Kamil had already started stacking bricks. “I’m making a platform.” The haphazard edifice Avi had clambered up had collapsed, and Kamil had kicked most of the remaining bricks out of the way to make room while he hoisted Elif into the shaft. The opening was little more than an arm’s length above his head, but he needed a stable base to reach it. He marveled at Avi’s agility. The boy must have thought himself up into the shaft.
As Kamil fumbled around the floor for more bricks, he sang a few lines of the operetta, but soon stopped. Building in the dark required all his concentration. Before long, he was out of bricks. When he tried to climb the platform, the loose bricks shifted beneath his weight and came apart. He stood for a moment, sweat cooling on his bare chest, wondering how to stabilize the platform. Then he took off his shoes, socks, and trousers, and tucked the Proof of God into the front of his linen drawers. He wrapped the trouser legs tightly around the pile of bricks, but there wasn’t enough material to tie the truss in place. Frustrated, he tried again to climb, barefoot this time, his toes seeking crevices among the bricks, but then one tilted under his weight and Kamil toppled backward. He cursed as he landed awkwardly, twisting his ankle.
He had a sudden idea. “Elif, throw me your sash.”
After a few moments, a length of soft material brushed his face. He pulled it down and measured it with his hands. As he had hoped, it was a single piece of silk, more than long enough. When he had secured the sides of the platform with the sash, he climbed up and, head bowed beneath the ceiling, scraped his fingers across it until he found the opening. He put his head inside and stood up straight. The shaft ended just below his shoulders.
He slid his fingers over the walls of the shaft until they encountered some broken brickwork, hooked his fingers into the gaps, then hoisted himself up. He swung his legs up, wedging them against the opposite wall. Back braced against one side, feet against the other, he worked his way up the shaft crabwise. He was sweating profusely and his fingers started to slip. He tried not to think about falling.
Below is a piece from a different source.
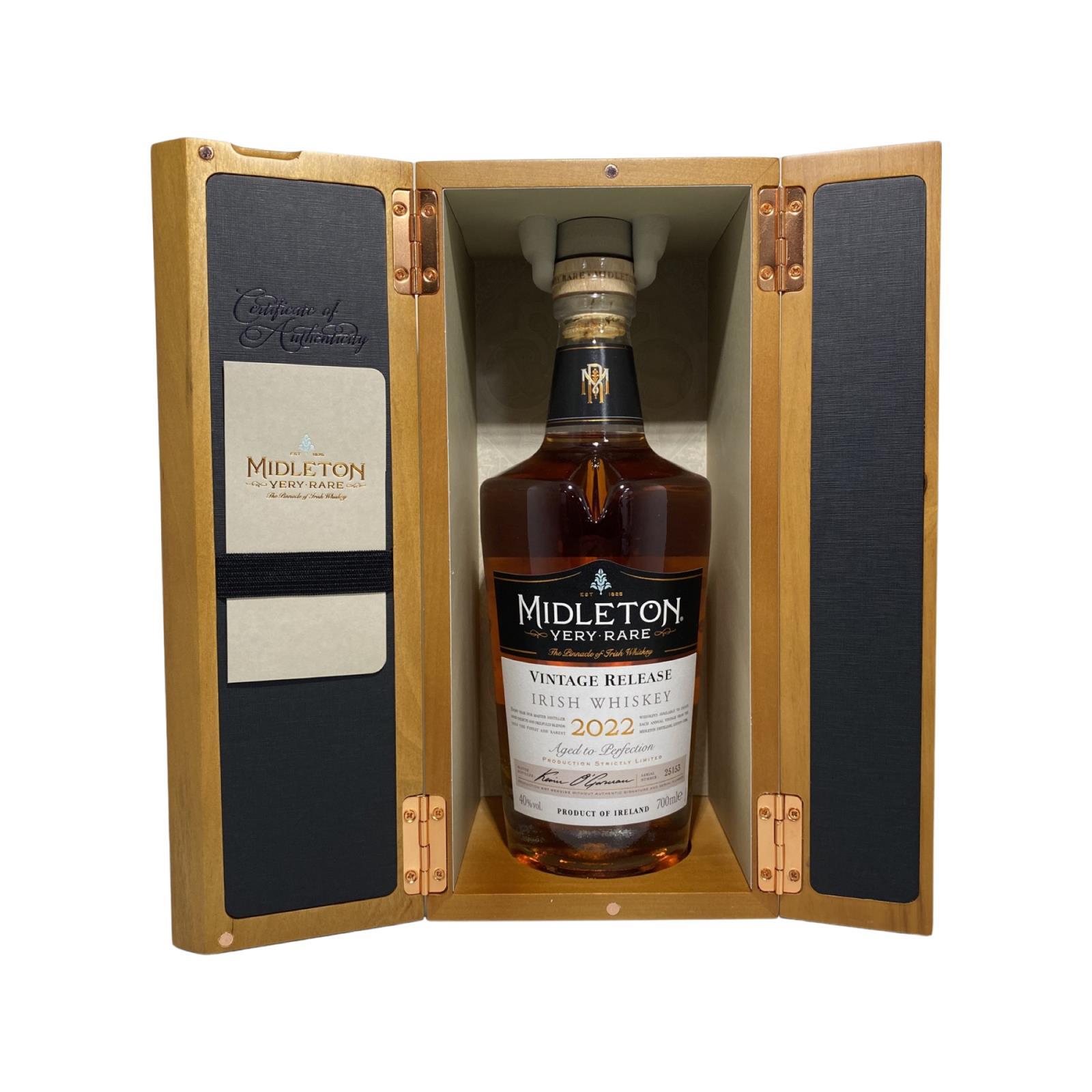 The 2022 edition to Ireland's most premium and beloved whiskey series; Midleton Very Rare. This is the 39th installment and the first release under Kevin O' Gorman appointed Master Distiller of the Midleton Distillery in 2020. Both the bottle and gift box are in very good condition, certificate and distillery invite are also included. Bottle number 25153

Elif’s hands touched his shoulders. “Almost there. Here’s the ledge. Can you follow my hand?”
Kamil pulled himself onto the ledge. He lay there for a moment, waiting for the spasms in his muscles to lessen. The skin on his back was shredded and throbbed with pain. He sat up.
“Watch your head,” Elif warned. “It’s high enough to walk, but only if you crouch.”
In the cramped space, he felt Elif’s hand brush against his naked leg and then the Proof of God. He heard her small cry of surprise, followed by soft laughter.
“What’s so funny, Elif Hanoum?” Avi’s voice came from the darkness ahead.
“You’ll see later, Avi. Why don’t you show us the way out?”